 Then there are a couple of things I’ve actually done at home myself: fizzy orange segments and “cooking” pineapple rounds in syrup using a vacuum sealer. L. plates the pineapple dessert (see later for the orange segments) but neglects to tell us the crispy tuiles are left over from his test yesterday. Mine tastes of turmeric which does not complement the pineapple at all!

════

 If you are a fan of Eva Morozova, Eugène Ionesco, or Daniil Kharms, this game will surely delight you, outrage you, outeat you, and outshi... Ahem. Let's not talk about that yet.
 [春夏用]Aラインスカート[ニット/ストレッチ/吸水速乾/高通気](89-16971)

════

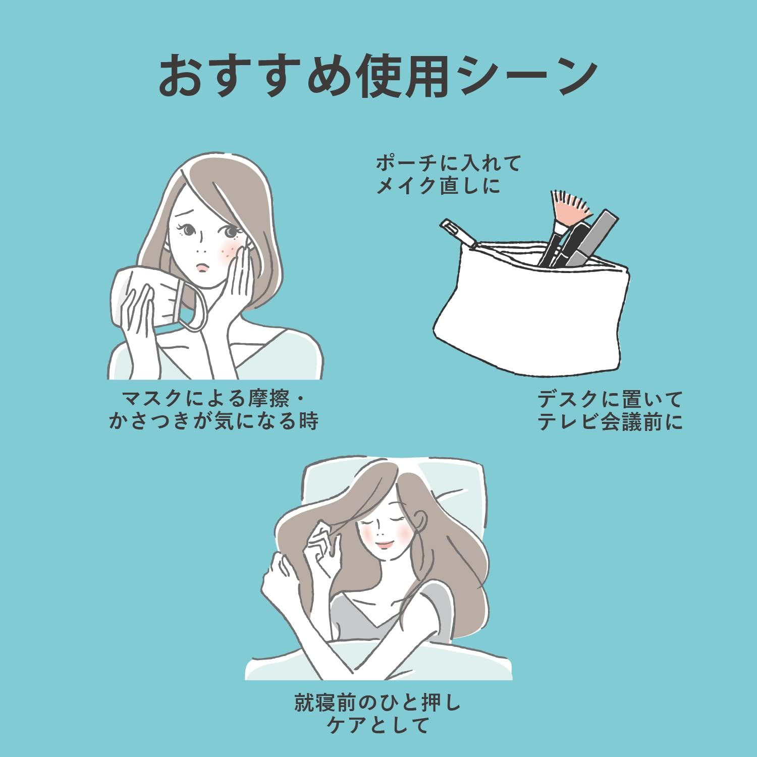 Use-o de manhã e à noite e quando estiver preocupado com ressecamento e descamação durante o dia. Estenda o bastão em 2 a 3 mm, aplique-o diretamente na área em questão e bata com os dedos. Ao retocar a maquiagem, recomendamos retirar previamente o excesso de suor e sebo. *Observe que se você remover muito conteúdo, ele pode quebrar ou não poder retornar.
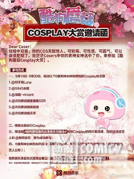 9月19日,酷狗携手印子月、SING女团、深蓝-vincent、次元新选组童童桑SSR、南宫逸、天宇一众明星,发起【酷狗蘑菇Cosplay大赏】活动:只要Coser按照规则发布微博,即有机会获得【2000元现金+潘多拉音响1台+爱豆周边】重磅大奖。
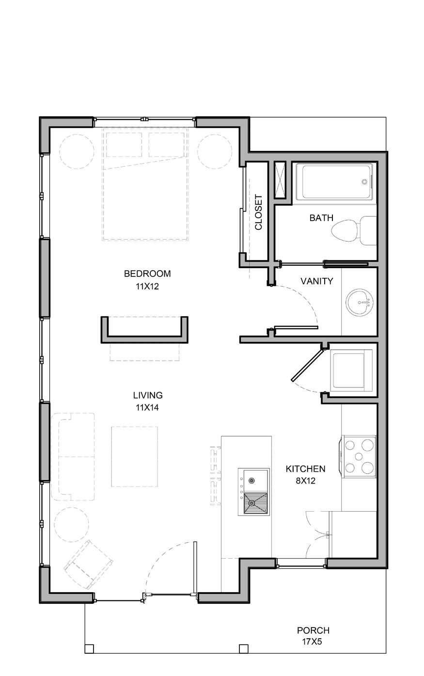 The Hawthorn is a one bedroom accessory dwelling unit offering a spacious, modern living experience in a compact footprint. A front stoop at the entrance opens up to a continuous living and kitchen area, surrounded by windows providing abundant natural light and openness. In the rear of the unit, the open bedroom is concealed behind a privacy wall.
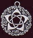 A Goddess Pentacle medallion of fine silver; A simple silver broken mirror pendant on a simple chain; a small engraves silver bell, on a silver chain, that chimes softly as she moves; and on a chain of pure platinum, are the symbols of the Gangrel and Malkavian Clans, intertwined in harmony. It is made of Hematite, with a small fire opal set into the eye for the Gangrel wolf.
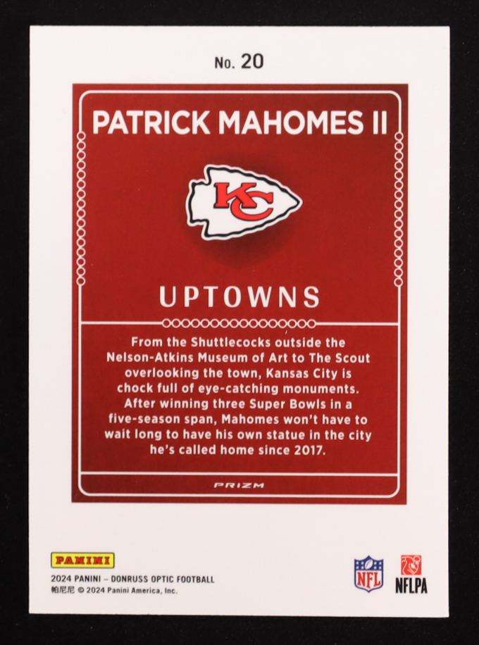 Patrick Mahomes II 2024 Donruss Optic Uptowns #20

════

◆ TASK ITEM
Only one part of the listing is wanted: the lines from the one containing "The Hawthorn is" through the one containing "Patrick Mahomes II", both included. Please transcribe it exactly, leaving out the pictures.

◆ EXERCISE ANSWER
 The Hawthorn is a one bedroom accessory dwelling unit offering a spacious, modern living experience in a compact footprint. A front stoop at the entrance opens up to a continuous living and kitchen area, surrounded by windows providing abundant natural light and openness. In the rear of the unit, the open bedroom is concealed behind a privacy wall.
 A Goddess Pentacle medallion of fine silver; A simple silver broken mirror pendant on a simple chain; a small engraves silver bell, on a silver chain, that chimes softly as she moves; and on a chain of pure platinum, are the symbols of the Gangrel and Malkavian Clans, intertwined in harmony. It is made of Hematite, with a small fire opal set into the eye for the Gangrel wolf.
 Patrick Mahomes II 2024 Donruss Optic Uptowns #20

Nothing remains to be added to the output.